WHAT NEEDS TO BE DONE »
The lines to be extracted begin at the line containing "3、授权之后,会打开如下的新" and end at the last line of the data below; copy them exactly and leave out the pictures.

DATA SEGMENT »

--- START ---

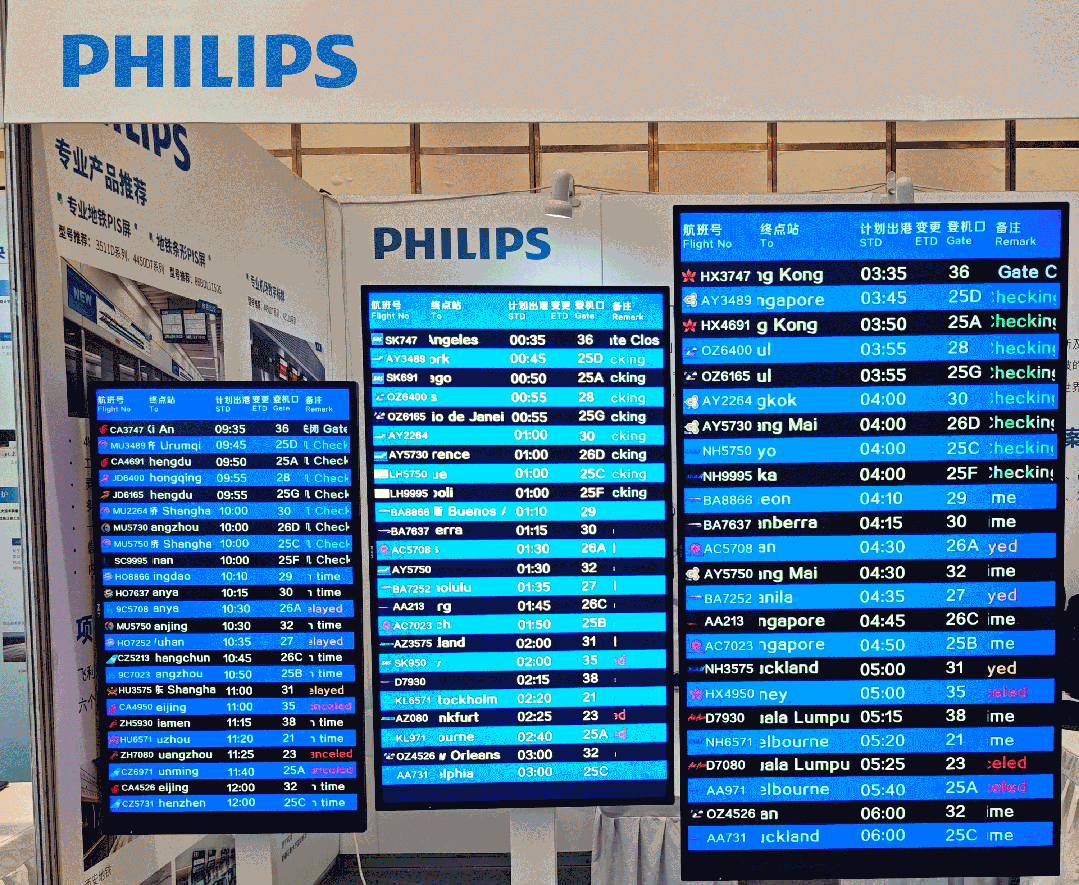 針對(duì)航站樓復(fù)雜視覺(jué)環(huán)境與高安全需求,飛利浦商顯提供專業(yè)定制化硬件配置,嚴(yán)格遵循《民用機(jī)場(chǎng)公共信息標(biāo)識(shí)系統(tǒng)設(shè)置規(guī)范》(MH/T 5059-2021)等行業(yè)標(biāo)準(zhǔn)。
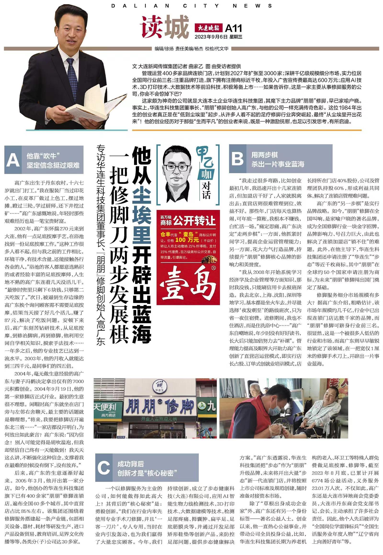 华连生科技集团董事长、“朋朋”修脚创始人高广东接受《大连晚报》专访。
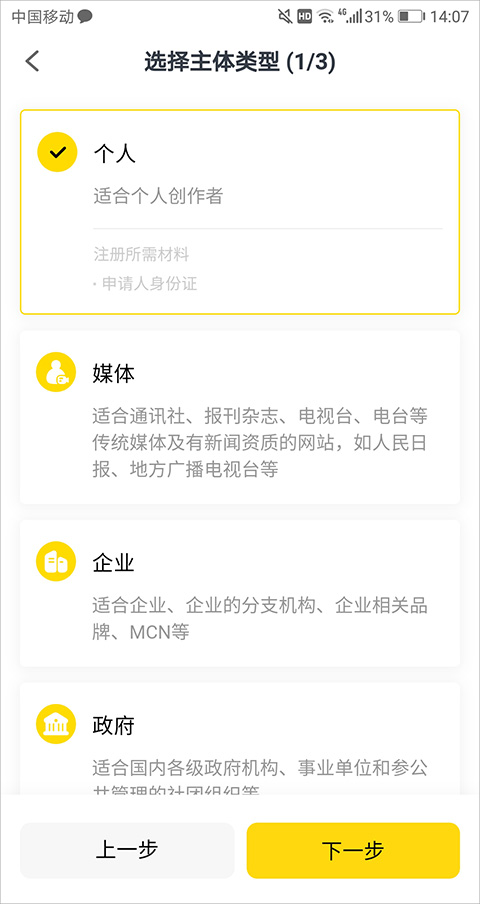 3、授权之后,会打开如下的新页面,用户可以选择身份进行注册,目前软件可提供个人、媒体、企业、政府、其它组织进行注册使用,这里以个人身份进行注册为例子
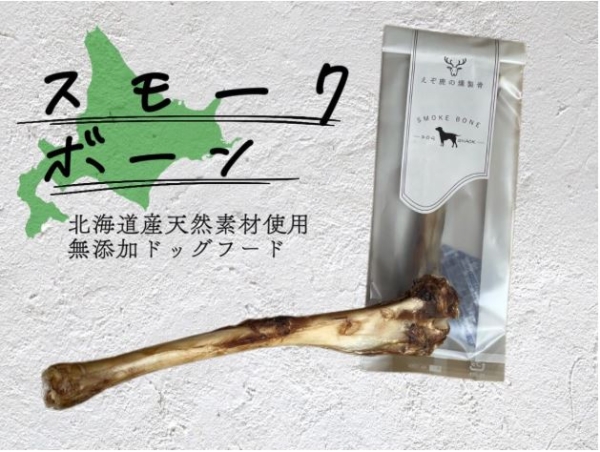 えぞ鹿の脚骨を大胆に使用した犬用おやつ「スモーク ボーン」野生のうまみと香りが愛犬の本能をくすぐります・・・!デンタルケアにも最適です。

--- END ---

PROBLEM SOLUTION »
 3、授权之后,会打开如下的新页面,用户可以选择身份进行注册,目前软件可提供个人、媒体、企业、政府、其它组织进行注册使用,这里以个人身份进行注册为例子
 えぞ鹿の脚骨を大胆に使用した犬用おやつ「スモーク ボーン」野生のうまみと香りが愛犬の本能をくすぐります・・・!デンタルケアにも最適です。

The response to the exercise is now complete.